Adapting to a Digital Future: What Nurses Need to Know


The role of nurses within the healthcare system cannot be understated. 

They are not merely healthcare professionals in uniform – nurses are key educators who impart knowledge to patients and families. They are significant advocates for the empowerment of patients in making informed decisions about their health. Thus, in essence, a nurse is a guardian of health. 

The impact of nurses transcends beyond the patient scope, they drive and push progress in hospitals too.

Results from a 2020 survey done by the American Nursing Association indicated that almost two-thirds of nurses (62%) experience burnout, and it’s usually common among younger nurses, with 69% of nurses under 25 reporting burnout. 

Being a nurse requires the resilience to withstand the unique pressure and day-to-day demands of the job. 

However, in recent times technology is developing at a pace faster than ever before. These advancements are apparent even in the nursing world. 

But, how can the healthcare system leverage these technologies to lower the stress rate on the existing system and its operations?

This article will cover what you need to know in the face of the current technological advancements. The question at hand is – what should nurses know? 

Robots to replace monotonous tasks

Delicate daily tasks such as medication management, disinfection, carrying medical devices from A to B, lifting bedridden patients, and navigating and greeting patients and relatives in the hospitals can be done by robots. 

Although these tasks are of high importance, they however come off as monotonous tasks. Monotony leads to a hypo-stress – a type of stress due to repetitive tasks.

Medical-grade robots such as the TUG robot and the Simeks robot have been developed to aid in the in-hospital transport of medical devices, drugs, laboratory specimens, or sensitive supplies seamlessly. 

The TUG  and Simeks robots allow nurses to spend a healthy amount of time with their patients instead of running up and down the hospital building. 

Other robots such as Moxie, Jibo, Pepper, Pato, Dinsow, and Buddy play are excellent examples that are shifting the paradigm in the practice of nursing. 

Robots to assist in drawing blood from patients 

It is no new news that a handful of patients have a difficult time when their blood samples are being drawn for lab analysis. 

Nurses, on the other hand, tend to get frustrated when patients aren’t cooperating for their blood samples to be taken. 

Researchers are currently looking at the potential of robots to assist in this regard. 

The Veebot, a robot phlebotomist that uses infrared light, image analysis, and ultrasound to detect a vein and check for sufficient blood flow before drawing blood is the first robot of this nature. 

This robot can single out the best vein with an accuracy of about 83% when compared to an experienced phlebotomist. This allows for a more seamless procedure for the patients and the nurses alike. 

In addition to infrared light, image analysis, and ultrasound in drawing blood, Augmented Reality (AR) plays quite a significant role in this regard.

The AccuVein is a leading robotic device that uses AR to locate blood vessels and has already been used on more than 10 million patients worldwide. 
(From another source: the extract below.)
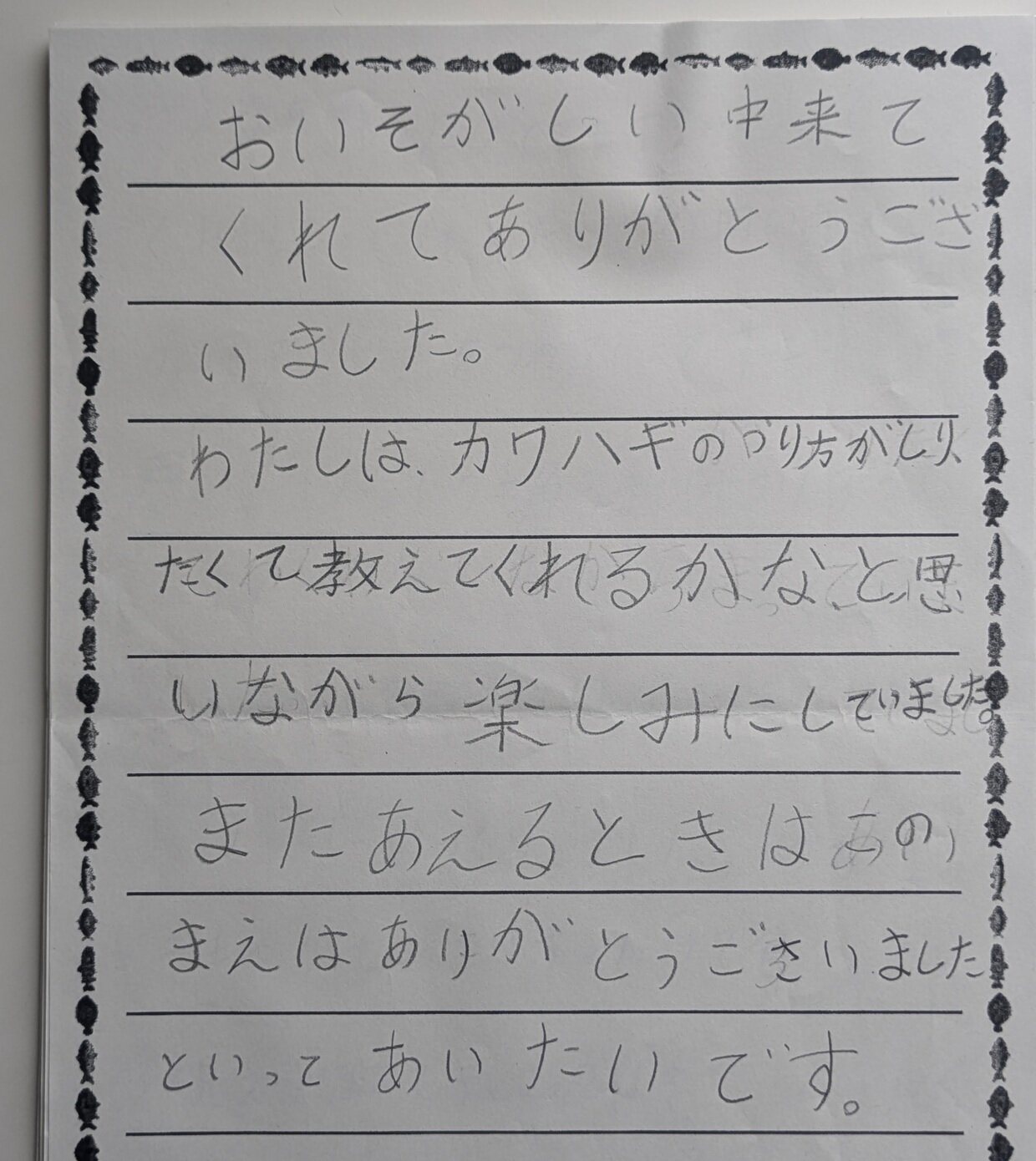 ぼくがつりで釣る魚の数は、10匹前後くらいです。
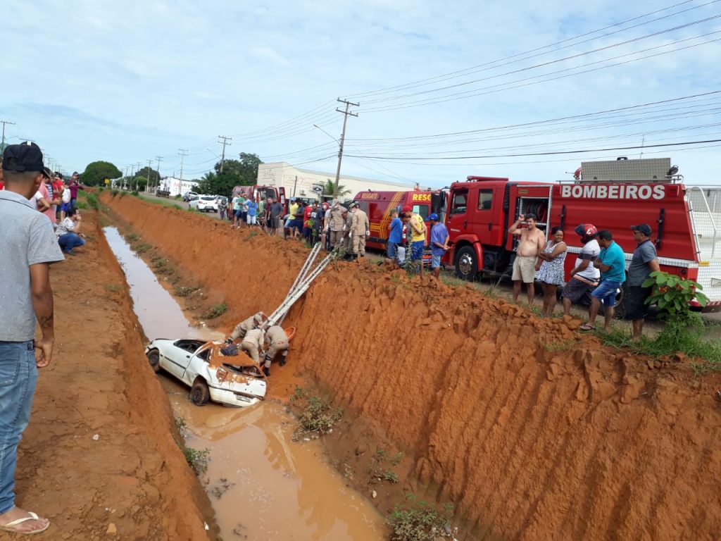 O carro ficou completamente danificado e foi retirado da valeta com auxílio de um guincho.

3D printing to assist nurses 

3D printing is often used to create intricate scaffolds that mimic the structure of human tissues or organs. This innovation provides a great opportunity for nurses in practice as they can then use these scaffolds to illustrate complex medical terms and processes easily to patients. 

AI to assist nurses 

Artificial Intelligence (AI) is the transformative force of the 21st century and a big point of discussion. AI can serve as a risk stratification tool for various diseases. 

A company developed the Sepsis watch, which utilizes AI to detect patients at risk of contracting sepsis –  a serious condition in which the body responds improperly to an infection.  

AI can also help in intelligent patient monitoring. This enables nurses to monitor multiple patients simultaneously. It invariably promotes work efficiency and a comprehensive healthcare system for all and sundry. 

Voice assistance systems can be developed using AI. This can provide nurses with the unparalleled opportunity to make their work more seamless for example they can query the AI to retrieve information on patients or policies. 


There’s no denying that a digital shift is taking place. That’s why nurses and those currently undertaking a direct entry MSN qualification must learn to adapt to these changes as the World Health Organization’s (WHO) 2020 report on the State of the World’s Nursing reiterates the importance of adapting digital technologies in the practice of nursing. 

Financially, digital technologies contribute to the healthcare system at large. This is because the productivity of nurses is greatly optimized and thus miscellaneous costs associated with minor errors that nurses make are alleviated. 

Of course, it might take time for nurses in developing countries to get on this trend, but with time, nurses in these locations will get a glimpse of these technologies to bootstrap their workflow.